> [Dataset records]:
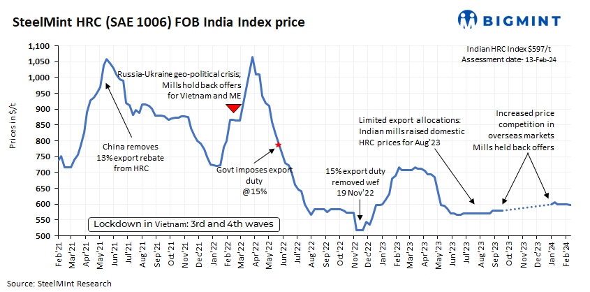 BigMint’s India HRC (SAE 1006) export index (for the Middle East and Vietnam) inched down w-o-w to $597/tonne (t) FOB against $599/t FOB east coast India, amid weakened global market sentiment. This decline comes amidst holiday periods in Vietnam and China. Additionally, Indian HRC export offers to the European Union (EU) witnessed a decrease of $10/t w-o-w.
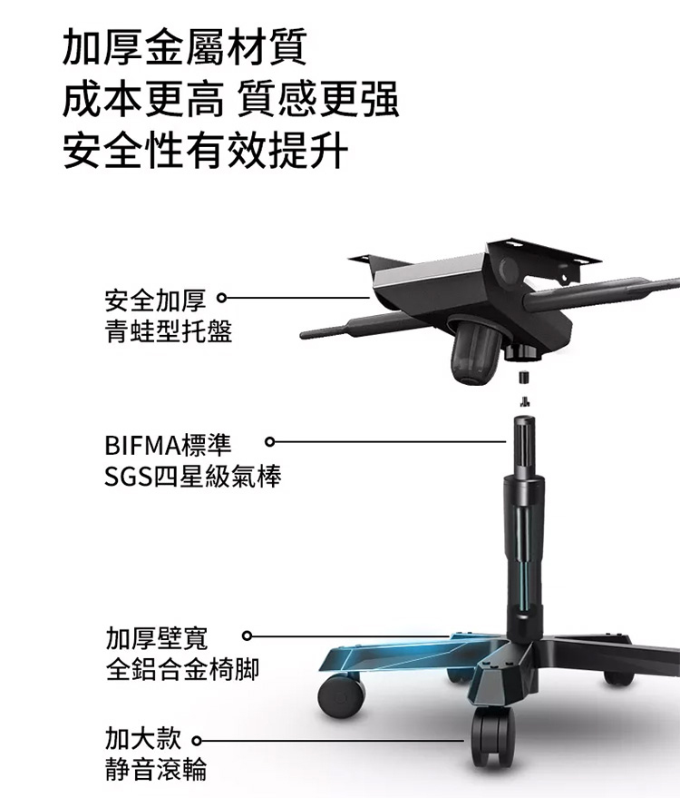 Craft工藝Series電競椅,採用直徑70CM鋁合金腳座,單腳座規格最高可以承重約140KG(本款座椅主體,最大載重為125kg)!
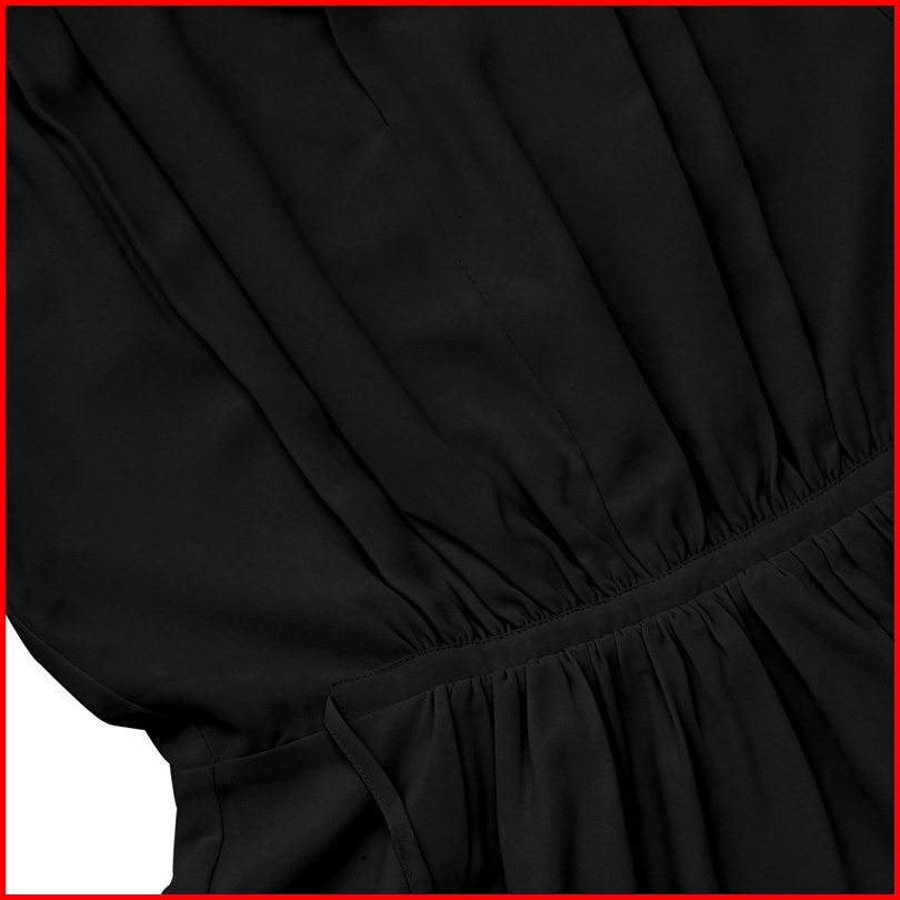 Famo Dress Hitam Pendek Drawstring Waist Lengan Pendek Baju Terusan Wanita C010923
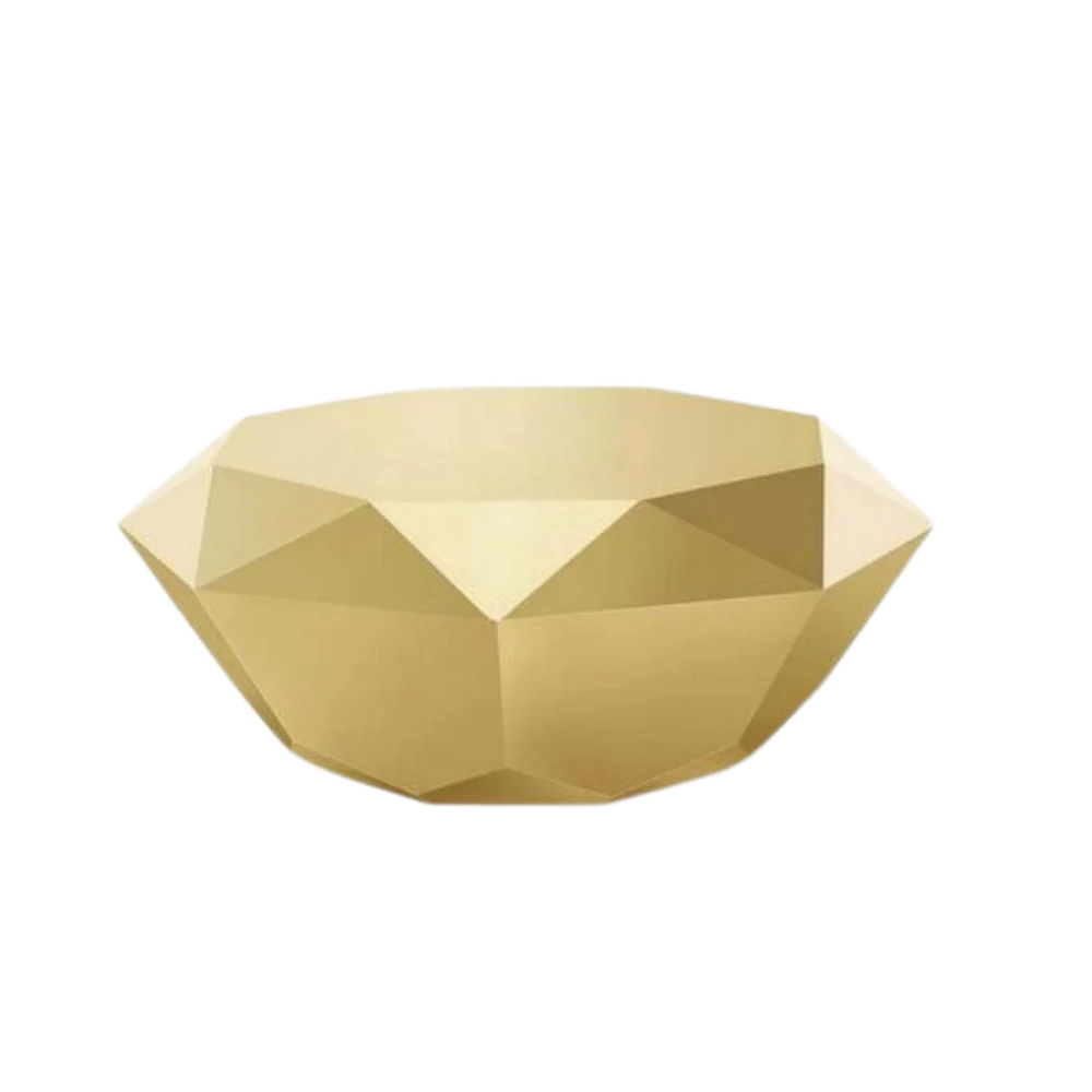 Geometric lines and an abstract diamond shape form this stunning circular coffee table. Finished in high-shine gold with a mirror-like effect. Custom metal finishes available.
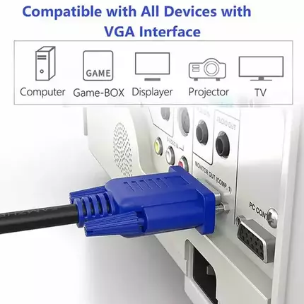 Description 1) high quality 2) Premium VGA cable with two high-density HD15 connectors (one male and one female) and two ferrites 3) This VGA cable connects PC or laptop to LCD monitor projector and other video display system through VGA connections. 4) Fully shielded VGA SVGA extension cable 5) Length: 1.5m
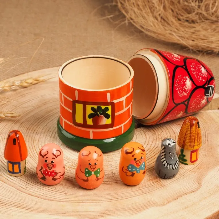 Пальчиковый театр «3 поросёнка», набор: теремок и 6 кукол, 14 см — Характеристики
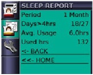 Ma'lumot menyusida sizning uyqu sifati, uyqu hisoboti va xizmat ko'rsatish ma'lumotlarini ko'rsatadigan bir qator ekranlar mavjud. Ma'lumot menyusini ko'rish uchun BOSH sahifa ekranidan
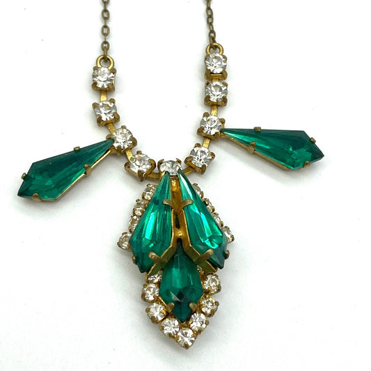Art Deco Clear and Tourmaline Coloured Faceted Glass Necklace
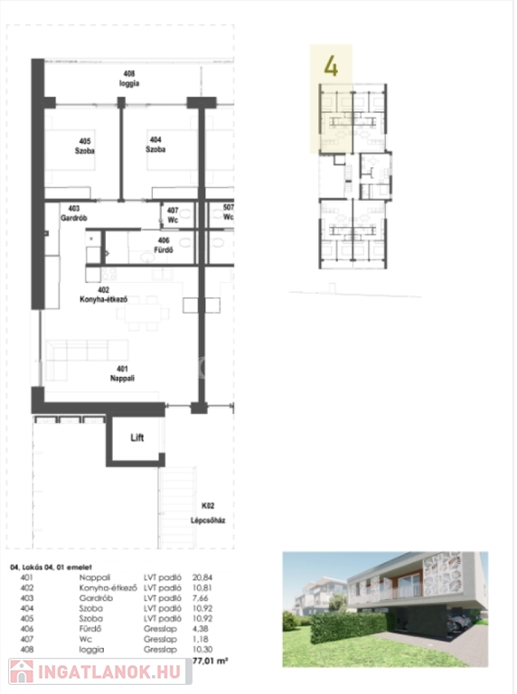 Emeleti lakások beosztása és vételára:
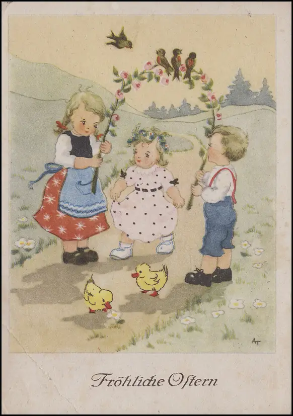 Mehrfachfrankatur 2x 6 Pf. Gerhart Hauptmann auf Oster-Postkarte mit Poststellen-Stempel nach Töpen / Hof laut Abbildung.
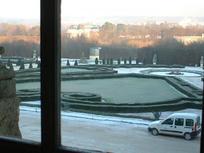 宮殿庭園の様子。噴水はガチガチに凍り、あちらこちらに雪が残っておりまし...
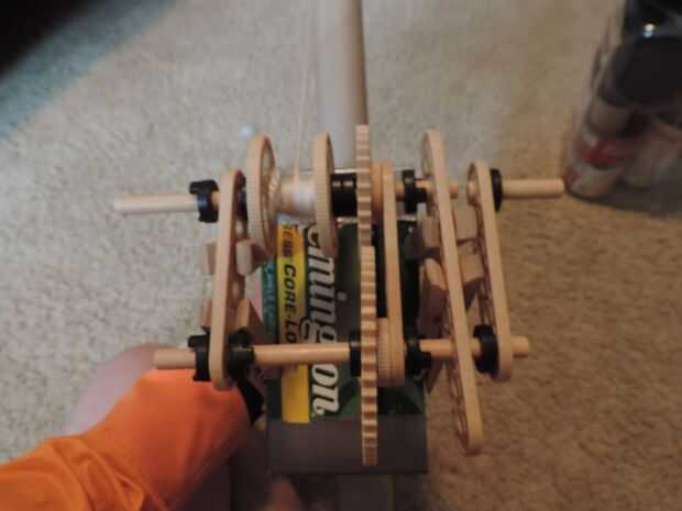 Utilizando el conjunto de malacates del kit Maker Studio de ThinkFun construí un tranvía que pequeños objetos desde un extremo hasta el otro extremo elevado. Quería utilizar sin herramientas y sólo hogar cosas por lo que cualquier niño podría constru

> [Task to complete]:
Give again exactly the lines from the one holding "Art Deco Clear" to the final line of the records, both ends included; any pictures stay out.

> [Exercise output]:
Art Deco Clear and Tourmaline Coloured Faceted Glass Necklace
 Emeleti lakások beosztása és vételára:
 Mehrfachfrankatur 2x 6 Pf. Gerhart Hauptmann auf Oster-Postkarte mit Poststellen-Stempel nach Töpen / Hof laut Abbildung.
 宮殿庭園の様子。噴水はガチガチに凍り、あちらこちらに雪が残っておりまし...
 Utilizando el conjunto de malacates del kit Maker Studio de ThinkFun construí un tranvía que pequeños objetos desde un extremo hasta el otro extremo elevado. Quería utilizar sin herramientas y sólo hogar cosas por lo que cualquier niño podría constru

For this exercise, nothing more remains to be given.